Un dolor que no deja ver horizontes, que llena el pecho y lleva a la desesperación, es el que irrumpe en la mente de Julie, en forma de fragmentos de canciones, en Bleu de Krzysztof Kieslowski. Recuerdos dolorosos que aparecen sin anunciarse, que anegan los ojos de lágrimas y se graban como heridas en la piel (Blue songs are like tattoos [Las canciones azules son como tatuajes], canta Joni Mitchell en otra “Blue”). Cuando suena el concierto que el esposo de Julie nunca llegó a terminar por su repentina muerte en un accidente automovilístico, la pantalla funde a negro. La oscuridad es total. Y así es preferible quedarse a veces, en la oscuridad, cuando nada puede aliviar el dolor. Porque hasta cuando parece que hay un poco de calma vuelven a sonar las mismas canciones. Vuelve el color azul. Vuelve a fundir la pantalla a negro. (Por qué / aún / de nuevo / vuelve el viejo dolor / me rompe el pecho / me parte en dos / me cubre de amargura, recitaba Idea Vilariño).

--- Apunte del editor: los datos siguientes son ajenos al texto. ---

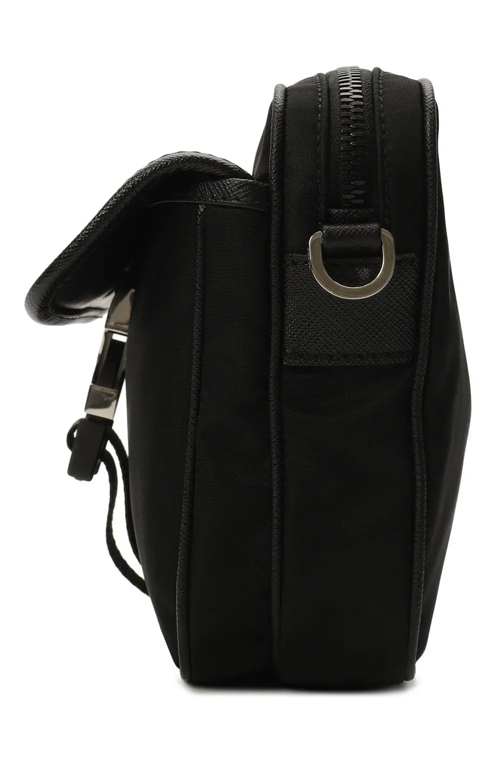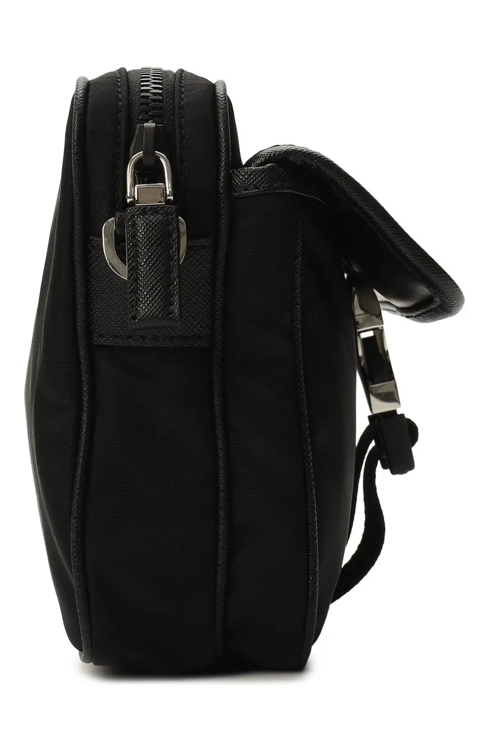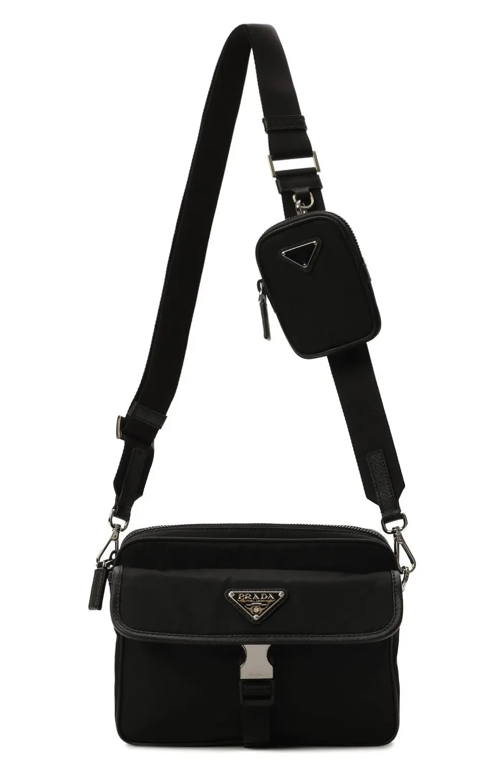 Сумка Prada чёрного цвета выполнена из прочного нейлона — фирменного материала бренда. Аксессуар оформлен клапаном с металлической пряжкой и треугольным логотипом Prada Milano. Практичный дизайн с вместительным основным отделением делает модель идеальной для повседневного использования.

El azul puede tomar muchas formas, no solo canciones, aunque ahora no pueda siquiera escuchar una nota de Lana del Rey (You’ve got a flair / for the violentest kind of love / anywhere out there [Tenés talento / para el tipo de amor / más violento que hay])(1). El dolor se hace cuerpo en lugares, cosas, palabras y hasta gestos. En dibujos sin terminar, que miran con ojos inmóviles desde las páginas de un cuaderno, y en fotos borradas para nunca más ser vistas. If only I’d thought of the right words / I wouldn’t be breaking apart all my pictures of you (Si tan solo hubiera pensado en las palabras correctas / no estaría rompiendo todas mis fotos de vos), canta Robert Smith(2). Poco después del accidente, Julie intenta suicidarse con un frasco de pastillas en el hospital. No lo logra, porque tiene la garganta lastimada por el golpe. Sí pide perdón por intentar suicidarse, y por romper un ventanal para distraer la atención de las enfermeras. A Julie la carcome la culpa, no solo por haber sobrevivido al accidente automovilístico que mató a su esposo y su hija, sino también por los intentos de lastimarse. ¿Y cómo no va a tener culpa, si lo único que puede sentir es autodesprecio? Es irónico que el catolicismo castigue el suicidio como un pecado y a la vez sea tan culpógeno como para promover el autocastigo frente al pecado. Del mismo modo que la ley castiga el intento de suicidio como un crimen. La culpa por intentar lastimarse, o por efectivamente hacerlo, como en la escena en la que Julie se raspa los nudillos contra una pared rugosa, puede llegar a ser paralizante. Es un lugar en donde se conjugan el miedo y la vergüenza y que, a la vez, es extrañamente liberador; como si se rompiera una tensión superficial. Si bien esa liberación se demuele frente a los ojos de una madre preocupada, como los del personaje de Isabella Rossellini cuando mira a Leonard en Two Lovers, o con el roce involuntario de una lastimadura. 

Trois couleurs: Bleu

Julie permanece en la oscuridad durante gran parte de Bleu. Su dolor es tan grande que prefiere dejar ir todo lo que conocía. Vende su casa, se aleja de las personas que la quieren, destruye las partituras de su esposo. Asegura que el amor y la amistad son trampas. Julie no llora. Su ama de casa llora porque ella no puede llorar. Hay veces que el dolor va más allá del llanto. Que los sentimientos abruman tanto que lo único que se desea es no sentir. La libertad de no sentir es lo que busca la protagonista, y es la forma que tiene Kieslowski de referirse al primero de los tres lemas de la Revolución francesa, representados en los colores de la bandera de Francia. Como en La libertad, de Lisandro Alonso, el uso del término es polémico. ¿Qué tanta libertad hay en despojarse del sentimiento? ¿Qué tan libre se es en el abandono de algo de lo que nos hace humanos? La oscuridad se parece más a una cárcel. Y qué seductora parece la oscuridad a veces. Querer la oscuridad tiene algo de goce, de regodeo, una forma extraña y nociva de libertad. Es como si en la oscuridad nos pudiéramos liberar de todo, de ese dolor indecible que, a veces, significa vivir, y vivir con otros.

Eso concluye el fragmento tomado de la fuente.